DATA TO USE: Begin

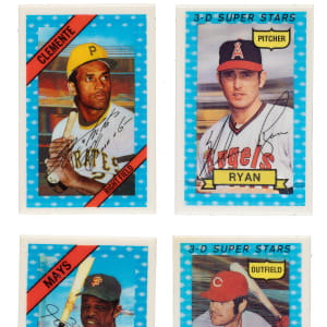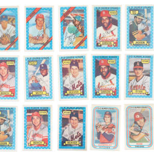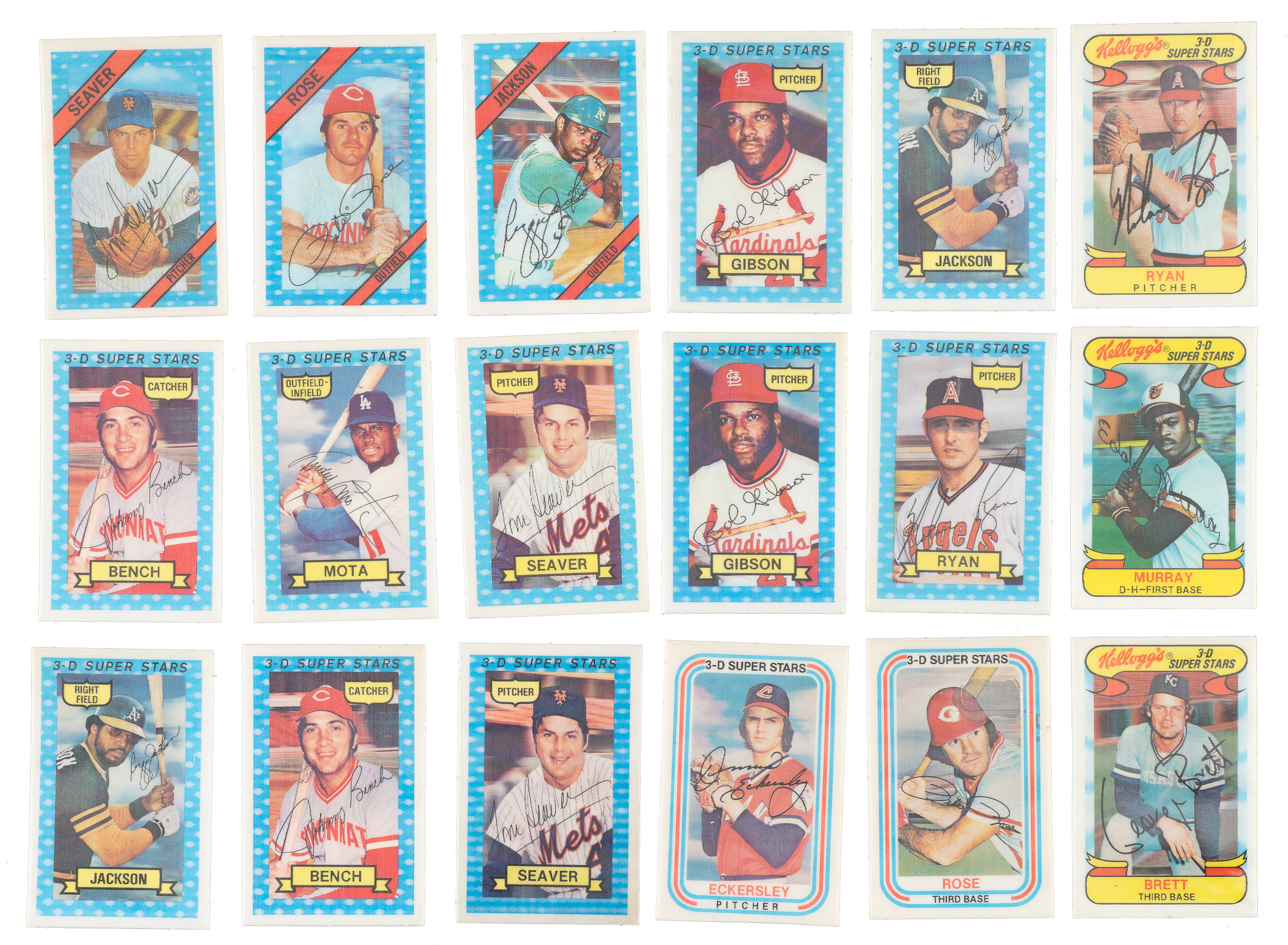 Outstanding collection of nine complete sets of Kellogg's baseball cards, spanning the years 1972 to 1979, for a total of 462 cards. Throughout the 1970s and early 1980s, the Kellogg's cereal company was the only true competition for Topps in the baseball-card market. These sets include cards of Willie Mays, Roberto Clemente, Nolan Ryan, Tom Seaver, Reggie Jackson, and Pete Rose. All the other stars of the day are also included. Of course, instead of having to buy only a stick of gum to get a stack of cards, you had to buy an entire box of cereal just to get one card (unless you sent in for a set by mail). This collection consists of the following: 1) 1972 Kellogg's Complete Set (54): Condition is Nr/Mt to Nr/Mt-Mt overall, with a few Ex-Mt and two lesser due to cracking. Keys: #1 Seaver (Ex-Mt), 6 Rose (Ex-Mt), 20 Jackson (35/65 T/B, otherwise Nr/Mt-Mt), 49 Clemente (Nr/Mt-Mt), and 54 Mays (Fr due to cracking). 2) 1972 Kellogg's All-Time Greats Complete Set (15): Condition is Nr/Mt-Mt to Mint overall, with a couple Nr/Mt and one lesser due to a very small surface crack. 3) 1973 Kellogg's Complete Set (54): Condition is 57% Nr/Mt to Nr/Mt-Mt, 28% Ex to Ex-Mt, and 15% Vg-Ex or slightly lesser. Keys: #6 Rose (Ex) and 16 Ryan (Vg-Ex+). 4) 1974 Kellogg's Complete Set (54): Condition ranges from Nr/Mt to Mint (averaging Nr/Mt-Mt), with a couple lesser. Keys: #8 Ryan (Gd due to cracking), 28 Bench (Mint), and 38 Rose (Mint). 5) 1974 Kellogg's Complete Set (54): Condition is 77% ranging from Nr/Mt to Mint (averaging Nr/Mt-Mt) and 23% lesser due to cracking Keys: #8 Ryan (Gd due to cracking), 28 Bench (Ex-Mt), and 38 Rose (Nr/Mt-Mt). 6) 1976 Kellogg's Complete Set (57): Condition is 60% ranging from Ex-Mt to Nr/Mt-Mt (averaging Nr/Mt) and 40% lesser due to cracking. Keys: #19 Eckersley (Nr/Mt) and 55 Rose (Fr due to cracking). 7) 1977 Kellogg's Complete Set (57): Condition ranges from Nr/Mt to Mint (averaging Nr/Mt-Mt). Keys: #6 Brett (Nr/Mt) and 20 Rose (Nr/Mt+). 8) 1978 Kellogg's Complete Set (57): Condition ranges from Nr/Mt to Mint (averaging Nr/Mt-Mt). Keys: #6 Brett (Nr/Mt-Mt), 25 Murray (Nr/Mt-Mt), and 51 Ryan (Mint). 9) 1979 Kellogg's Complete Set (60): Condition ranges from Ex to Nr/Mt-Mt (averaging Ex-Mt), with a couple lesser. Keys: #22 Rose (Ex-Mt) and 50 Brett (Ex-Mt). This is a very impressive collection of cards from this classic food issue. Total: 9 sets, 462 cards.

DATA TO USE: End
DATA TO USE: Begin

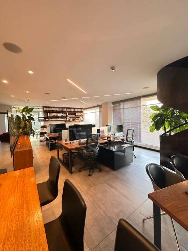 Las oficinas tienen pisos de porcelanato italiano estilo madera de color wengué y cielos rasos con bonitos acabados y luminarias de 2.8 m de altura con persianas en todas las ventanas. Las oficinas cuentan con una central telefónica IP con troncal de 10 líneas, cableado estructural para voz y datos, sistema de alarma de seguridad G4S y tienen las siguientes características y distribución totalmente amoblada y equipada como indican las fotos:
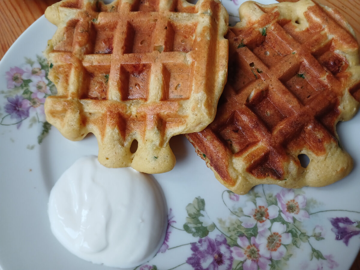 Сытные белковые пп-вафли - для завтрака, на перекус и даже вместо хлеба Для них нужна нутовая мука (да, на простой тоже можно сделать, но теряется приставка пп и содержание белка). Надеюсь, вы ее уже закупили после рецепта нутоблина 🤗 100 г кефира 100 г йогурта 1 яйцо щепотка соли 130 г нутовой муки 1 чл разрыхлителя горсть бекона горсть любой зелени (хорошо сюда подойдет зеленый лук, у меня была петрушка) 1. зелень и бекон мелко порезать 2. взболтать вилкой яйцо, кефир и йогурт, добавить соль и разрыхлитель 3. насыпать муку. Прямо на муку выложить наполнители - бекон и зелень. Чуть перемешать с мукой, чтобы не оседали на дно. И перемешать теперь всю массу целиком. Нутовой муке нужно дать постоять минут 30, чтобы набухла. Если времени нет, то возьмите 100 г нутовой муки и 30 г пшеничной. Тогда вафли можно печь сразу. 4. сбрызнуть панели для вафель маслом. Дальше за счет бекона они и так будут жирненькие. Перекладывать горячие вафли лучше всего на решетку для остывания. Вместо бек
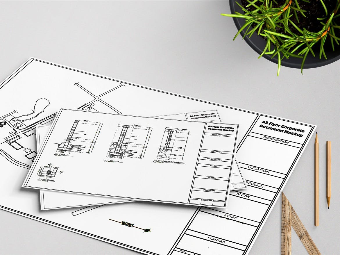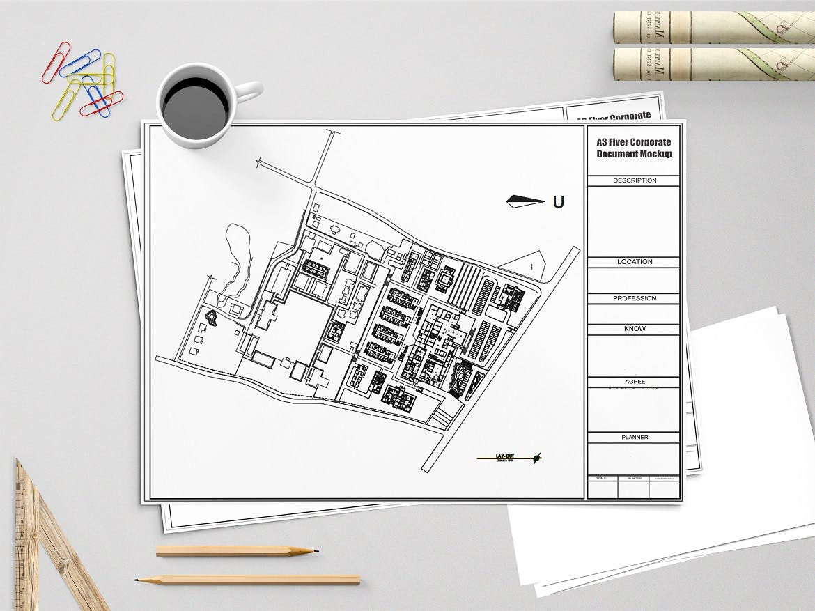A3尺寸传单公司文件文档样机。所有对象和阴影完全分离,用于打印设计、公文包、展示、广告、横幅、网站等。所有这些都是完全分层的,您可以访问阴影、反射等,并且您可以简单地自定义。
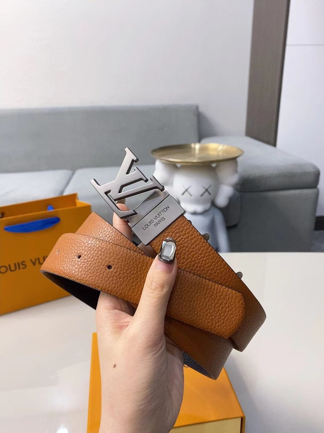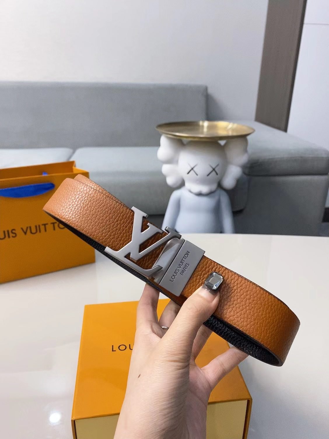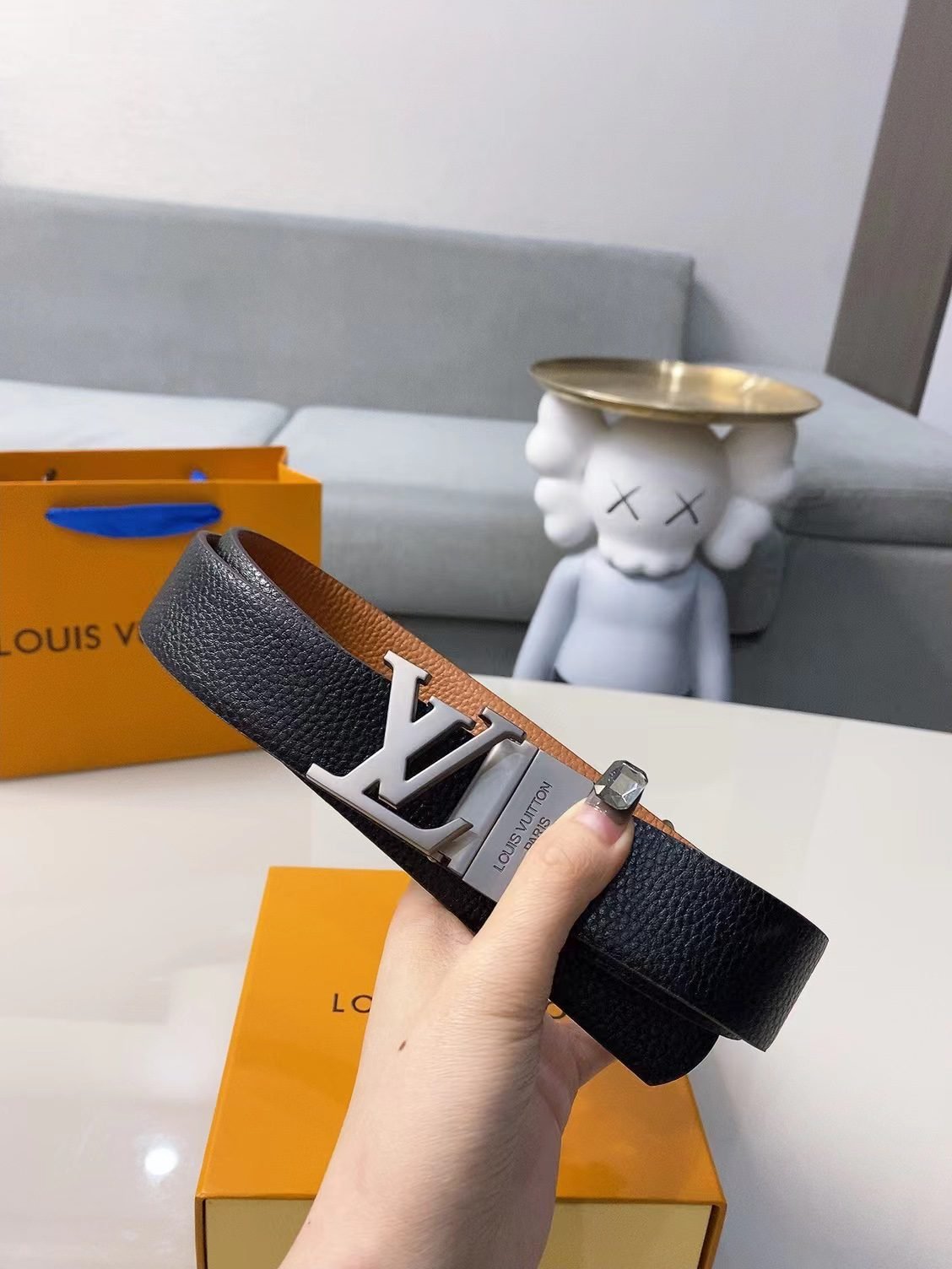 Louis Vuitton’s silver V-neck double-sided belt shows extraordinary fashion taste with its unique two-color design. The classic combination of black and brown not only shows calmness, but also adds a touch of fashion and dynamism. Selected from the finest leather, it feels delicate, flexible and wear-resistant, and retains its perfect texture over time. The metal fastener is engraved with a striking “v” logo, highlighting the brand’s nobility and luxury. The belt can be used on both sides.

DATA TO USE: End

*EXERCISE INSTRUCTIONS:*
Pictures excluded, give again exactly and only the lines of the material above from the line with "A3尺寸传单公司文件文档样机" through the line with "Louis Vuitton’s silver".

*ANSWER SECTION:*
A3尺寸传单公司文件文档样机。所有对象和阴影完全分离,用于打印设计、公文包、展示、广告、横幅、网站等。所有这些都是完全分层的,您可以访问阴影、反射等,并且您可以简单地自定义。
 Louis Vuitton’s silver V-neck double-sided belt shows extraordinary fashion taste with its unique two-color design. The classic combination of black and brown not only shows calmness, but also adds a touch of fashion and dynamism. Selected from the finest leather, it feels delicate, flexible and wear-resistant, and retains its perfect texture over time. The metal fastener is engraved with a striking “v” logo, highlighting the brand’s nobility and luxury. The belt can be used on both sides.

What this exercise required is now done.